Methodology / approach. To analyze productivity growth in grain production under the influence of innovative technologies the data of long-term observations of winter wheat yield in Germany and the United States were selected. In this paper, to analyze the prerequisites and prospects for stabilizing of the crop production, mineral fertilizers and plant protection products were selected as production factors affecting the yield of wheat. Methods of time series analysis and nonlinear econometric analysis were used to assess the impact of these factors. Long-term trends of growth of wheat yields in Germany, the USA and Ukraine were analyzed using regression models. The general model of agrarian business profitability in grain production is based on non-linear correlations of individual factors of intensification and panel regression. In order to substantiate the conclusions of the calculation, the estimation of climatic risks is used. For this purpose, dispersion methods, nonlinear optimization methodology are used.
Results. Estimates of wheat yield fluctuations due to climate risks show that they will not significantly affect the problem of food security, so there is no need to impose restrictions on the export of wheat. On the choice of optimal strategy, based on analysis using econometric model of decreasing marginal utility of production resources, it is proved that the maximization of yields is achieved at lower costs than profit maximization.
Originality / scientific novelty. The main contribution of the article to the level of application is to analyze the impact of production factors on wheat yield, taking into account climatic risk and reducing the marginal utility of production factors. At the theoretical level of the study, it represents a contribution to the discussion of the vectors of the optimal path of wheat production in Ukraine. Analysis of data on wheat yield variability in Germany and the USA showed correlation of profitability and risk (indicators of expected yield and its variance). However, this means that an increase in wheat yields in Ukraine will also increase its variability and therefore requires the implementation of a long-term strategy that can ensure stable growth.

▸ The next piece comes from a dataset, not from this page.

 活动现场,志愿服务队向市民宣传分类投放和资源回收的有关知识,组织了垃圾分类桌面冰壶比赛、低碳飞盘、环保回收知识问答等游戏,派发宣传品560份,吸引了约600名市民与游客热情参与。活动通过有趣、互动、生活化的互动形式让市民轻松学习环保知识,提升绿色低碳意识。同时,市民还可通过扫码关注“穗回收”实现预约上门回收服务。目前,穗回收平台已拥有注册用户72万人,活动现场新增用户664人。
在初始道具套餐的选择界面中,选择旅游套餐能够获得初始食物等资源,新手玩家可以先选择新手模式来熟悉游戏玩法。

Practical value / implications. Based on the above calculations, it should be emphasized that the Ukrainian agrarian business (in particular, crop production) is developing its own way, not following the development path of Germany or the USA. However, some peculiarities of the development can be highlighted. After a rather long recession, the agricultural sector has embarked on a path of stable growth with an annual increase in wheat yields of around 1 hundred kg/ha. Furthermore, the extremely low proportion of forested land in Ukraine by European standards significantly increases the impact of weather and climate risks. Therefore, a further intensification of crop production while increasing the share of forested land at the expense of less productive land is probably the way to an ecologically balanced development of agriculture.

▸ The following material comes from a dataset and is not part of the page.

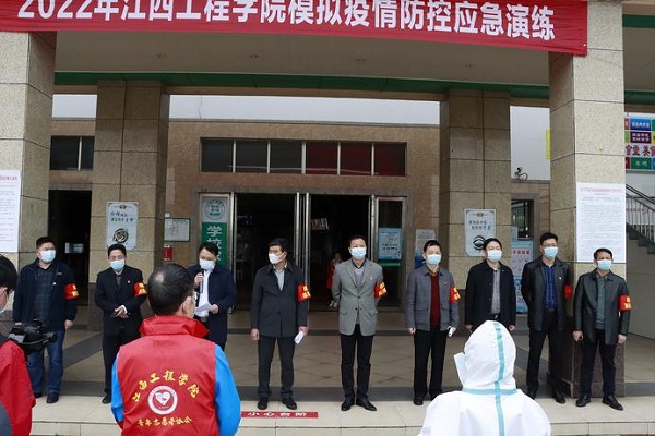 当前,国内疫情形势复杂多变,校园防控压力持续增大。为安全有序推动学校疫情防控工作,完善疫情防控应急响应机制,保障全体师生健康安全,4月1日下午,beat365体育官方网站在天工校区中心食堂门口开展疫情防控应急演练。新余市教育局党委委员、副局长刘焦华,市教育局党委委员、副局长钟淑平出席,beat365体育官方网站校领导杨名权、胡涌、张晨曙、彭卫东、冯赟、陶小兵、邹建民出席并现场指挥,学校11个防疫防控工作组组长及110余名工作人员参与活动。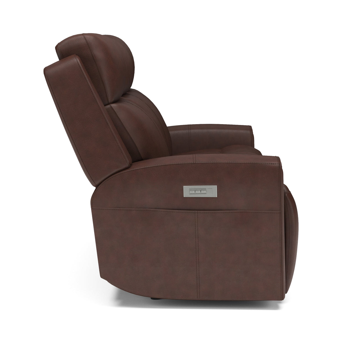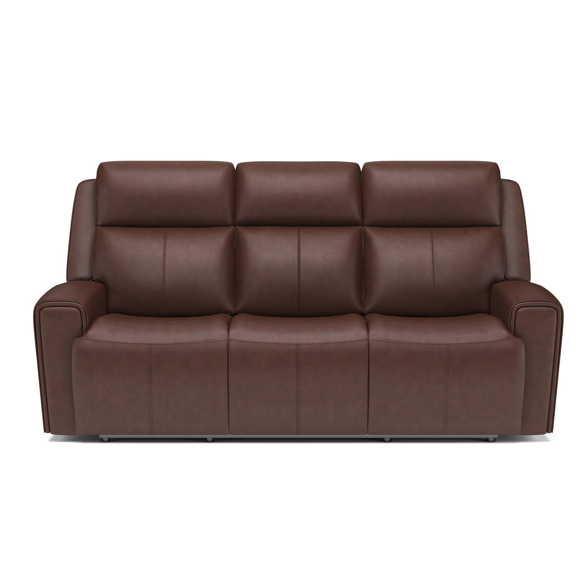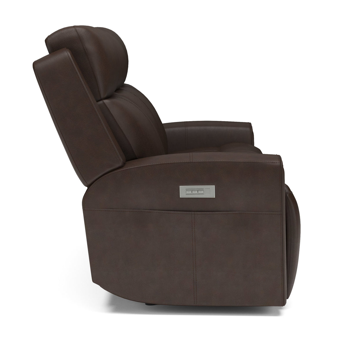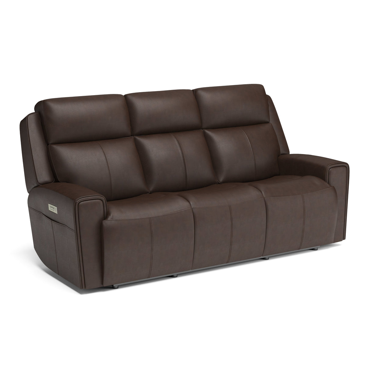 Make your living room the place to be with the comfortable and spacious Barnett power reclining sofa with power headrests and power lumbar. The whole family can relax together and enjoy a feeling of weightlessness with the loveseat’s Zero Gravity recline technology. Easy-to-access power controls on both sides of the sofa allow sitters to independently adjust the recline, headrests and lumbar to find the right level of support for their bodies and moods. Conveniently charge devices without ever needing to get up with a USB port in the power control, and keep remotes close by with handy side pockets. Enjoy ergonomic design details, including generously scaled, contoured seats and waterfall chaise pads that take pressure off the legs and back. Wide track arms with durable top-stitching and attractive welt trim will make this reclining sofa a stylish centerpiece in your home. Upholstered in our premium top-grain leather, this sofa will look good for years to come.

2. Altieri, M., and Toledo, V. (2011), The agroecological revolution in Latin America: rescuing nature, ensuring food sovereignty and empowering peasants. Journal of Peasant Studies, vol. 38, no. 3, рр. 587–612. https://doi.org/10.1080/03066150.2011.582947.
3. Altieri, M., Funes-Monzote, F. and Petersen, P. (2011), Agroecologically efficient agricultural systems for smallholder farmers: contributions to food sovereignty. Agronomy for Sustainable Development, vol. 32, no. 1, рр. 1–13. https://doi.org/10.1007/s13593-011-0065-6.

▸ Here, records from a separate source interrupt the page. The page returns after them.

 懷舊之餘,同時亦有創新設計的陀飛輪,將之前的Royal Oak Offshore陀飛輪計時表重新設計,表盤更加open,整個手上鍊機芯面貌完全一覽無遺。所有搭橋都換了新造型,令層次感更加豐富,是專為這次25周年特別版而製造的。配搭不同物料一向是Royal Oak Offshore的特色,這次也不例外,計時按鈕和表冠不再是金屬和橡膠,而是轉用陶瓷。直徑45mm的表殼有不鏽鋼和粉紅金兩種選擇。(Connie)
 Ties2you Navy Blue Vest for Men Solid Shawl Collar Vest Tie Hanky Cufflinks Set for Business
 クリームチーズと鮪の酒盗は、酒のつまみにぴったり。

4. Andrieu, N., Sogoba, B., Zougmore, R., Howland, F., Samake, O., Bonilla-Findji, O., Lizarazo, M., Nowak, A., Dembele, C., and Corner-Dolloff, C. (2017), Prioritizing investments for climate-smart agriculture: lessons learned from Mali. Agricultural Systems, vol. 154, рр. 13–24. https://doi.org/10.1016/j.agsy.2017.02.008.
5. Angelsen, A., and Kaimowitz, D. (2001), Agricultural Technologies and Tropical Deforestation, Cabi Publishing, New York, USA.
6. Aramburu, M., Monzon, J., Mercau, J., Taboada, M., Andrade, F., Hall, A., Jobbagy, E., Cassman, K., and Grassini, P. (2015), Potential for crop production increase in Argentina through closure of existing yield gaps. Field Crops Research, vol. 184, рр. 145–154. https://doi.org/10.1016/j.fcr.2015.10.001.
7. Babenko, V., Zomchak, L. and Nehrey, M. (2021), Ecological and economic aspects of sustainable development of Ukrainian regions. E3S Web of Conferences, vol. 280, 02003. https://doi.org/10.1051/e3sconf/202128002003.
8. Behnke, G., Zuber, S., Pittelkow, C., Nafziger, E., and Villamil, M. (2018), Long-term crop rotation and tillage effects on soil greenhouse gas emissions and crop production in Illinois, USA. Agriculture, Ecosystems and Environment, vol. 261, рр. 62–70. https://doi.org/10.1016/j.agee.2018.03.007.
9. Börjeson, L. (2007), Boserup backwards? Agricultural intensification as ‘its own driving force’ in the mbulu highlands. Geografiska Annaler: Series B, Human Geography, vol. 89, no. 3, рр. 249–267. https://doi.org/10.1111/j.1468-0467.2007.00252.x.
10. Bustos, P., Caprettini, B., and Ponticelli, J. (2016), Agricultural productivity and structural transformation: evidence from Brazil. American Economic Review, vol. 106, no. 6, pp. 1320–1365. https://doi.org/10.1257/aer.20131061.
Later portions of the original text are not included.